I like the noise from my straw when the milk shake is gone. It’s the sound of indulgence. It means I’ve cut myself a little slack on the diet I should keep or, even better, I won another friendly bet with a friend or coworker, as is the case right now as I write this. Wish you were here to listen to this…

I like a wet lap. It means the grandkids are visiting. If you’re lucky, it’s just water from their swimsuits after a frolic in the backyard wading pool. If you’re not so lucky, well, changing a No. 1 diaper is always better than changing a No. 2.

I like reading directions. If I can actually read, then I’m not taking any medicine and trying to read that ridiculously small print they put on those bottles. Besides, reading the directions isn’t all bad. If anything still goes wrong after you’ve read the directions, you’ve got somebody else to blame …the dummy who wrote the directions.

I like black motorcycle seats. As you sit astride a black seat after your bike’s been parked in full sun for a while, you don’t even think about how hot anything else is. Not even the heat radiating off asphalt pavement. Well, not for a little bit.

I like commercials. Otherwise it might be a whole hour before I could take a bathroom break. That means it’s a really good TV show. I like deliberately ignoring commercials, those people all telling me what to do or how to think. Sometimes it feels good to talk back at those yack attacks. When such things happen, it’s socially acceptable to be rude, knowing that the other people in the room will ignore you just as much as they do the commercials.

I like fruit flies on bananas. I’m told bananas are a good source of potassium which I’m supposed to eat to fight aging leg cramps. I hate bananas. But even my mother won’t make me eat a banana whenever flies roost on this fruit. Same goes for banana bread, too. So, even flies are good.

I like standing in line. It means the shopping is (finally) over and I can go back home.
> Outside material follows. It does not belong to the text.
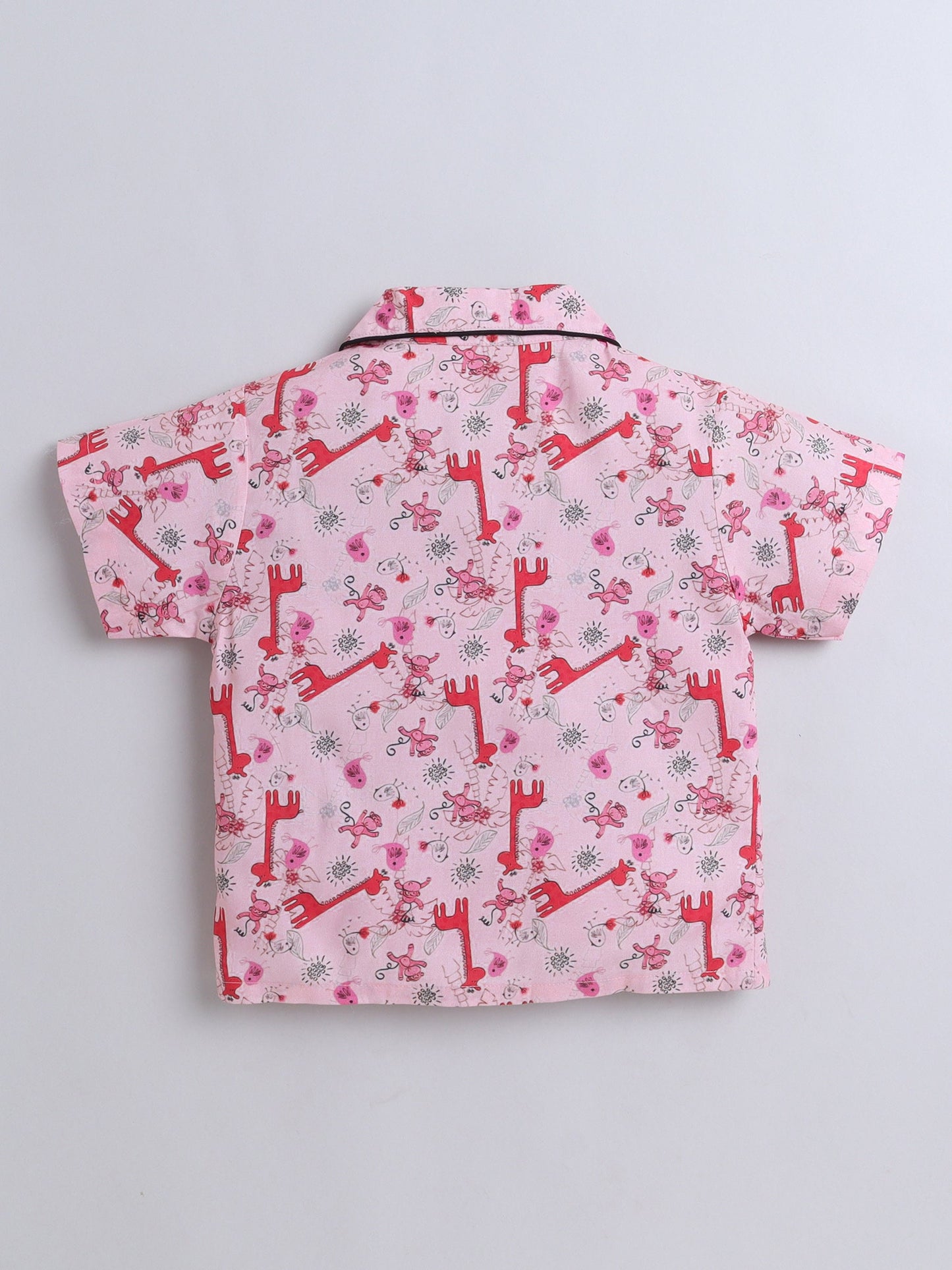 Cotton Woven Half Sleeves Animals Printed Coordinating Night Suit Set - Peach

It also (hopefully) means I’ve got enough money to pay for whatever it is in my hands or piled into the cart. Usually, I stand in line and think about how hard it must be financially for young families nowadays. Actually, how much harder for young families nowadays in so many ways. Standing in line makes me feel lucky to be old.

I like it when I write about this much. It means I really can’t think of much more to say. I try hard not to waste your time and I worry that, perhaps once again, I’ve failed. But getting to this point means this weekly chore is over. When I write too much and this column gets too long, I realize that writing here is no chore at all but a privilege.
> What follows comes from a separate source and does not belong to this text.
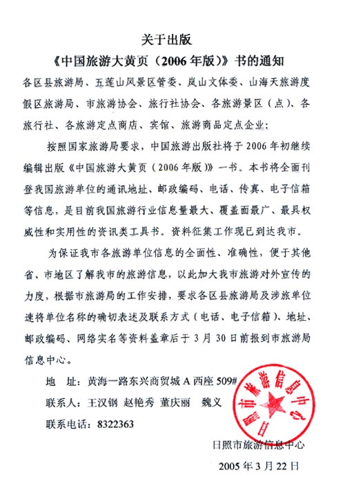 关于出版《中国旅游大黄页(2006年版)》书的通知(2005年03月24日)

So, if you’re disappointed despite reading this far, at least you’ve practiced your reading skills. Comprehension helps keep you mentally sharp. So, see if you can write your own “What I Like” list.

As for me, what I really like most is that you read. It indicates you’re curious about the things around you, that you’re not only interested but want to be engaged in this business called life. I’m glad you read this newspaper. Reading this column may be disappointing. But reading this or anything else proves you’re alive.

And, in at least this one respect, ain’t you glad, too?